71 In the present case the applicant submits that an appropriate penalty


in respect of each of CIV 1631 of 2005 and CIV 1632 of 2005 is a fine of
$2,000.
72 The conduct was deliberate and continued over several months.
Mr Giraudo's attempts to characterise his conduct as being that of a mere
clerk were unconvincing and casuistical. Whilst his defence of these
proceedings is not an aggravating feature, I am entitled to take into
account that he has not accepted that his conduct was in breach of the Act
and has not, therefore, shown any appropriate insight into his own
conduct.
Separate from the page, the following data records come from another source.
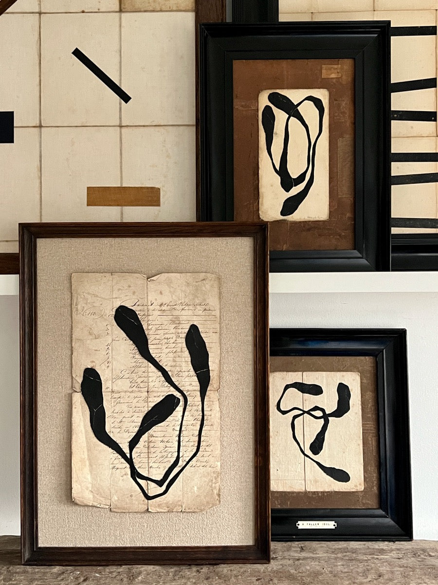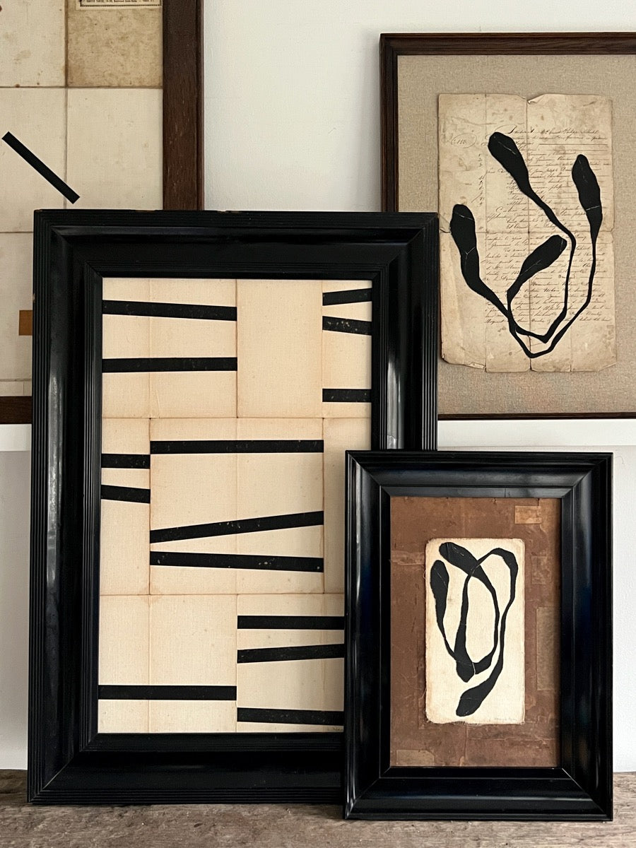 Mixed media artist Lucy Naughton takes inspiration from the collected materials that fill her home. In the sorting and arranging of antique frames, books, and papers, abstract paintings and collages come together in an intuitive way, forming collections that sit happily together or individually. The signs of age and imperfections in the materials used are embraced and make each piece totally unique.
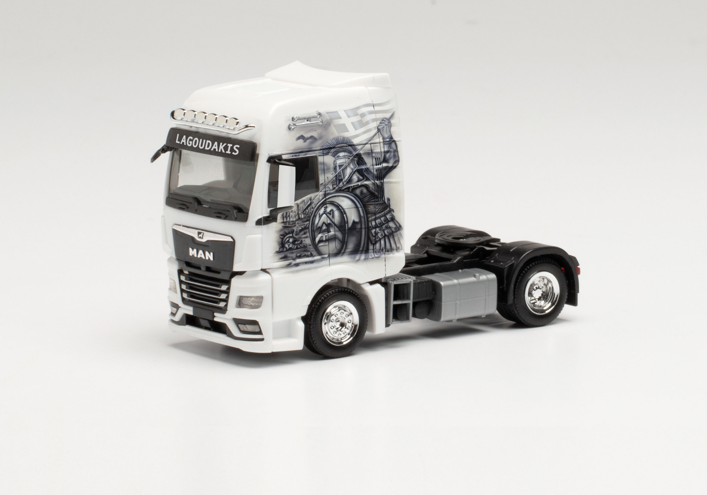 Der in Nürnberg ansässige Spediteur Lagoudakis hat bei Walter Rosner insgesamt neun MAN Zugmaschinen in Auftrag gegeben, von denen die ersten Zugmaschinen nun mit den gewünschten Motiven fertiggestellt wurden. Diese MAN TGX GX der aktuellen Baureihe wurde mit Motiven von Archilles, dem Helden von Troja, lackiert. Einen passenden Auflieger bietet Herpa separat an.
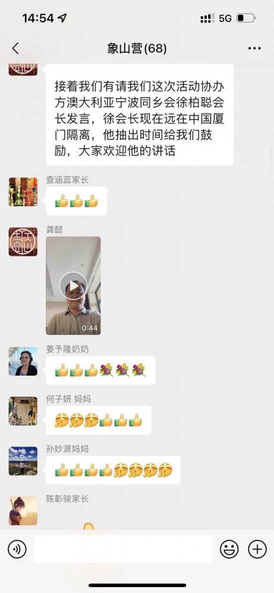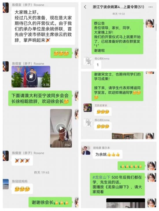 澳大利亚宁波同乡会会长徐柏聪和澳大利亚新金山中文学校校长胡培康也分别寄语参营学员,鼓励学员们通过网上夏令营的学习了解中国国情,感知中华文化,希望各位华裔青少年在活动中学有所思、学有所获、学有所成、学有所用,在领略中华文化、浙江文化、宁波文化中,做中澳文化交流的友好使者。

It is difficult to determine whether Mr Giraudo's conduct
resulted in any adverse consequences. It should be noted, however, that
he charged for his services when he had no right to do so. I also take into
account that these proceedings have been delayed in reaching a resolution,
through no fault of Mr Giraudo. Having regard to fines imposed in other
cases the fines that have been suggested by the Board appear to be an
appropriate reflection of the seriousness of this conduct: Legal Practice
Board v Taylor [43] - [47]; Legal Practice Board v Ferguson [16], [18];
Legal Practice Board v Clohessy [2006] WASC 21; Legal Practice
Board v Tilley [2006] WASC 73; and Legal Practice Board v Tee.

73 It is necessary, however, to consider Mr Giraudo's means to pay and


whether the effects of a fine can be mitigated if necessary by providing
further time to pay. Accordingly, I will hear from the parties as to the
form of the orders and as to whether any other orders are required.